═══ Recorded data ═══
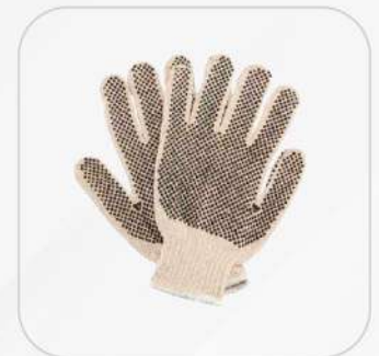
GUANTE JAPONÉS CON PUNTOS DE PVC
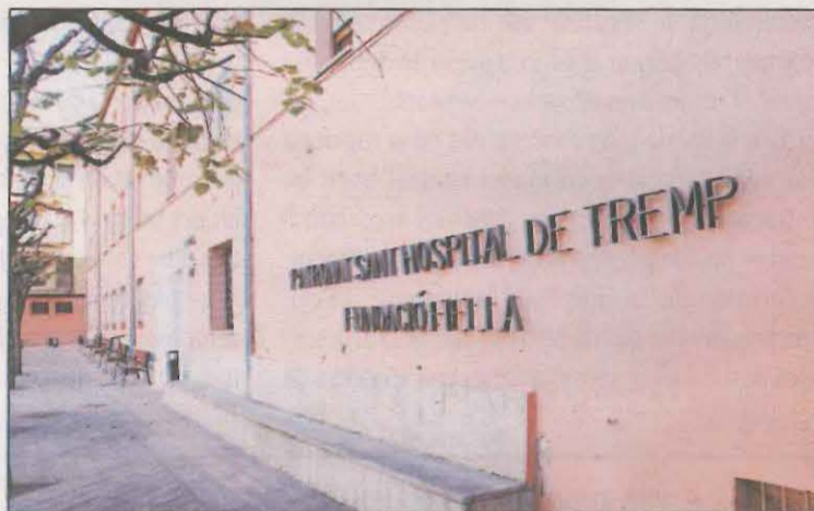
Exterior de la residència Fiella-Sant Hospital

Salut va acordar el passat 28 de novembre intervenir la residència de gent gran de Tremp per "estabilitzar" el brot de Covid-19,
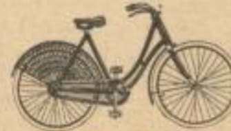
No. 47. Elegantes Damenrad. Preis 188 Mark.
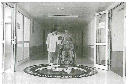
Рисунок 1. Сопровождение на кресле-каталке

Научите медсестер, как эргономично организовать рабочее место. Так, стол и стулья должны быть такой высоты, чтобы запястье и рука находились на одной высоте, а между крышкой стола и ногами был просвет. Спинка стула должна поддерживать пояснич-
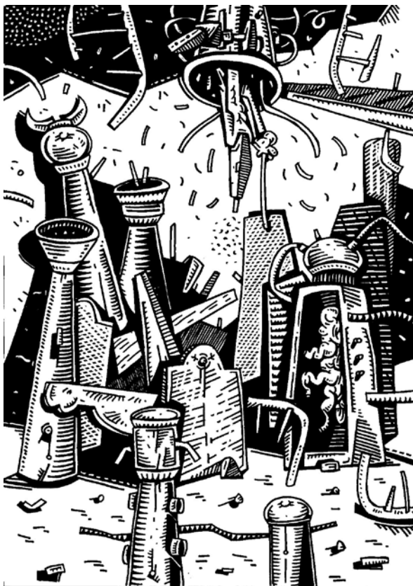
“Mediador”, tinta José Flórez Nale

Para avanzar en el conocimiento de este complejo campo, es preciso abordar los fenómenos objeto de interés a través del estudio de su relación con las condiciones y dinámica institucionales (Fernández, 1993).
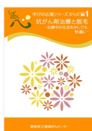
抗がん剤治療と 脱毛
═══
Your instructions → Within the records above, how many lines include the word "residència"? State the number by itself.

The completed task → 2